Swish activation functions can be used within Deep Neural Networks and large datasets since it is computationally efficient. Swish can also address the problem of dying ReLU, a situation where specific neurons are constantly blocked from firing. By smoothly approaching zero, Swish prevents outputs from becoming zero and enables neurons to fire. This property makes Swish particularly well-suited for use in scenarios that require fast optimization in large Deep Neural Networks since it has a smooth gradient.

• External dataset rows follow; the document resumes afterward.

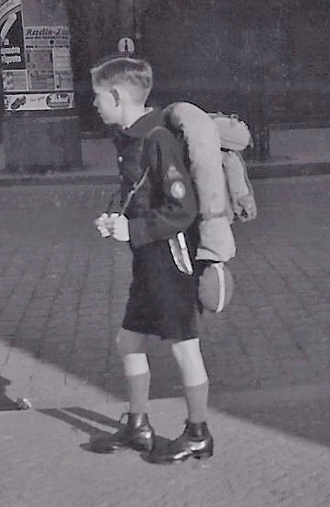 Jungvolk (Pimpf) in Berlin with field pack, Easter 1938
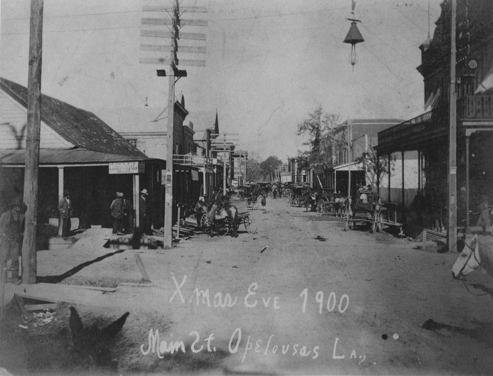 Main Street, Opelousas, Louisiana, Xmas Eve, 1900. Photograph showing rows of buildings with numerous horse drawn vehicles, some pedestrians.
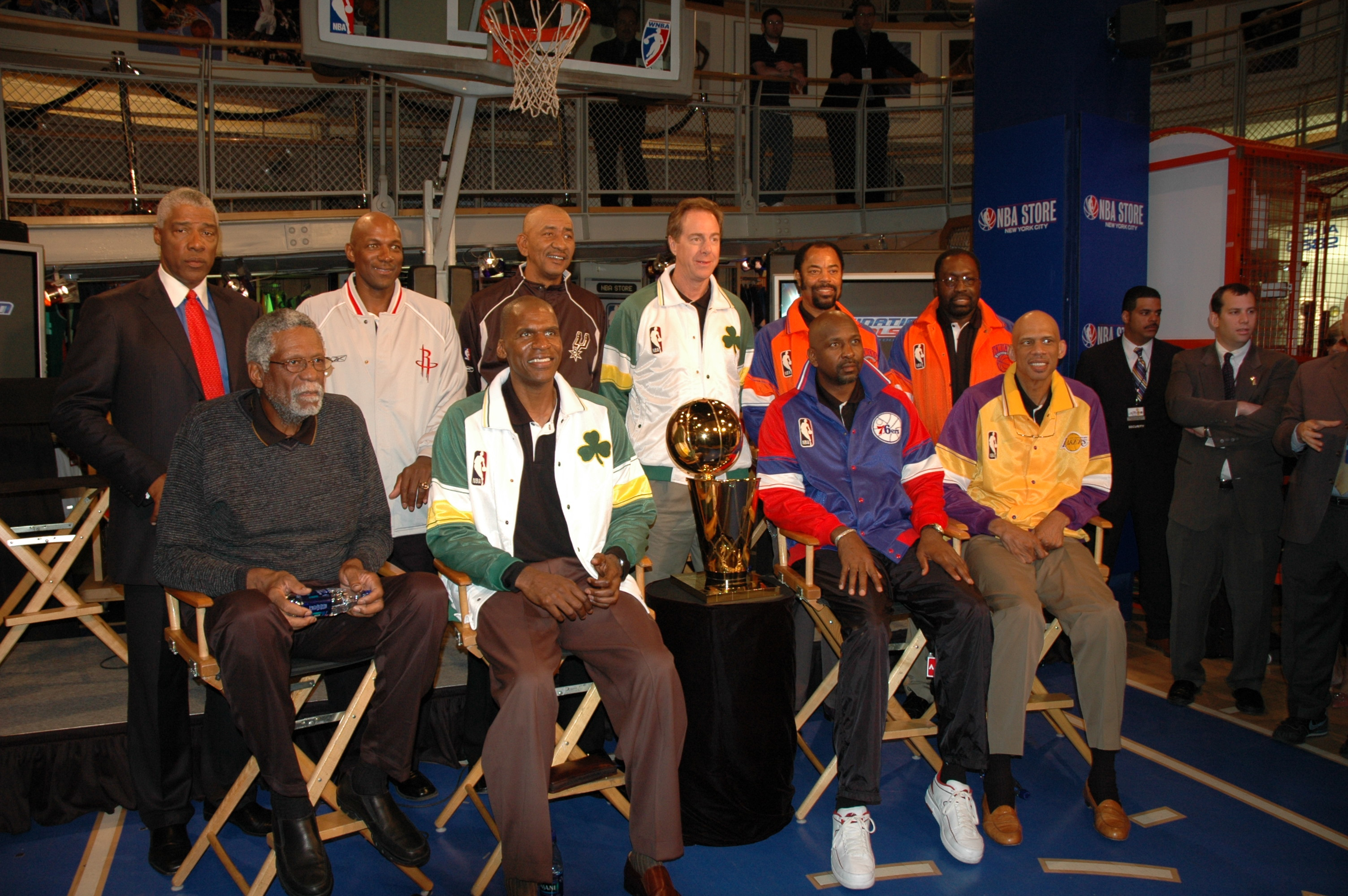 (From top left to right) NBA legends Julius "Dr. J" Erving, Clyde Drexler, George Gervin, Dave Cowens, Walt "Clyde" Frazier, Earl Monroe, (Bottom left to right) Bill Russell, Robert Parish, Moses Malone, and Kareem Abdul-Jabbar pose with the Larry O'Brien NBA Championship Trophy for the 2005 NBA Legends Tour: Destination Finals kick off held at the NBA store. The Tour will visit various cities and United Service Organizations (USO) supported military installations as part of the NBA's on going effort to support service members during the upcoming playoff season.

#### When not to use Swish?

Swish may not be a good choice when the dataset contains large negative values or are too close to zero. Also, It may not be useful if there is no need to activate unwanted neurons in the network. In that case, ReLU is best.

#### Swish using Python

def swish(x, beta=5):    return x * (1 / (1 + np.exp(-beta * x)))swish(1)---------------------0.9933071490757153

## Conclusion

In conclusion, activation functions play a crucial role in the performance of neural networks. They introduce non-linearity, enabling neural networks to learn complex relationships between inputs and outputs. In this article, we have discussed five popular activation functions, namely Sigmoid, Tanh, ReLU, Softmax, Swish, and ELU, and when to use or avoid them. It is important to note that the choice of activation function depends on the nature of the problem, the architecture of the network, and the available data. Therefore, it is crucial to experiment with different activation functions to determine the most suitable one for a given problem. As the field of deep learning continues to grow, it is likely that more activation functions will be developed, and researchers will continue to investigate their effectiveness for various applications.